#### [TASK DETAILS]
Which of the lines in the data below contain the string "Team"? Copy each of them.

#### [RECORDS TO PROCESS]
::::

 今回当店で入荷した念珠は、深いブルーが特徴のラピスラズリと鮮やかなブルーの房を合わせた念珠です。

::::

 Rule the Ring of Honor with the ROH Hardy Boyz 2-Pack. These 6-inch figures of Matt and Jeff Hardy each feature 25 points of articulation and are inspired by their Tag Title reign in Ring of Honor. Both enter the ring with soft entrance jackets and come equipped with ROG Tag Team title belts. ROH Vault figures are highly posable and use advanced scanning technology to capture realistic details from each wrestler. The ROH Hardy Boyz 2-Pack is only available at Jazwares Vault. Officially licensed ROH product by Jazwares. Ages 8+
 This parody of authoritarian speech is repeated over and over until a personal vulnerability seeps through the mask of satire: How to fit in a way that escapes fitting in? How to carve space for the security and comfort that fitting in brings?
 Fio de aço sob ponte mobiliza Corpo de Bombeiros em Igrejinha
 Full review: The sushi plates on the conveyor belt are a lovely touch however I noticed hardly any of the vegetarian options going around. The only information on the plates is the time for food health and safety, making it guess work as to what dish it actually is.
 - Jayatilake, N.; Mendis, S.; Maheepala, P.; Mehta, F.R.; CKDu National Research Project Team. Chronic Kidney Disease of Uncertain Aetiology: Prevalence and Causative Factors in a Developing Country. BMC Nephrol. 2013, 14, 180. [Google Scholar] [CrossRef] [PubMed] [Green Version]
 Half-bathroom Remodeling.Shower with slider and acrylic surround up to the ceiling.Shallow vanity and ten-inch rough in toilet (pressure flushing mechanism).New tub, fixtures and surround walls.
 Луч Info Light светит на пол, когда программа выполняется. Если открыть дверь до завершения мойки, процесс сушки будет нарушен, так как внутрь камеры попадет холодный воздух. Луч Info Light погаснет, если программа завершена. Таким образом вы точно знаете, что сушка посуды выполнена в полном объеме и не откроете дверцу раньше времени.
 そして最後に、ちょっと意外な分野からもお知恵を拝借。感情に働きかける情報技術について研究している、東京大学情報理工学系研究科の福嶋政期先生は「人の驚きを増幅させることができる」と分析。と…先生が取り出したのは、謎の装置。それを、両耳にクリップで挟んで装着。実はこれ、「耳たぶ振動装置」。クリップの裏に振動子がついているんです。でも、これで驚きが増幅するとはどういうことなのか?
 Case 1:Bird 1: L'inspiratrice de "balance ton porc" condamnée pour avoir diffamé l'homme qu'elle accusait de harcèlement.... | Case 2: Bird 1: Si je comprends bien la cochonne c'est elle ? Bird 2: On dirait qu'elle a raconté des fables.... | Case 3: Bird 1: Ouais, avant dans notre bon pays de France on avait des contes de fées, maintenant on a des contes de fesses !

::::

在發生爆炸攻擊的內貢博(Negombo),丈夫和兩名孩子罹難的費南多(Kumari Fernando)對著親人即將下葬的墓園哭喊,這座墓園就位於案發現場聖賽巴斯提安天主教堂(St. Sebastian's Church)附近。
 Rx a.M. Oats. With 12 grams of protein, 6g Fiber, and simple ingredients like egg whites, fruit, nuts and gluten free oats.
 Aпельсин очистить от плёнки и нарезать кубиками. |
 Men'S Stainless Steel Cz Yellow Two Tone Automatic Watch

::::

#### [RESULT FOR THIS EXERCISE]
 Rule the Ring of Honor with the ROH Hardy Boyz 2-Pack. These 6-inch figures of Matt and Jeff Hardy each feature 25 points of articulation and are inspired by their Tag Title reign in Ring of Honor. Both enter the ring with soft entrance jackets and come equipped with ROG Tag Team title belts. ROH Vault figures are highly posable and use advanced scanning technology to capture realistic details from each wrestler. The ROH Hardy Boyz 2-Pack is only available at Jazwares Vault. Officially licensed ROH product by Jazwares. Ages 8+
 - Jayatilake, N.; Mendis, S.; Maheepala, P.; Mehta, F.R.; CKDu National Research Project Team. Chronic Kidney Disease of Uncertain Aetiology: Prevalence and Causative Factors in a Developing Country. BMC Nephrol. 2013, 14, 180. [Google Scholar] [CrossRef] [PubMed] [Green Version]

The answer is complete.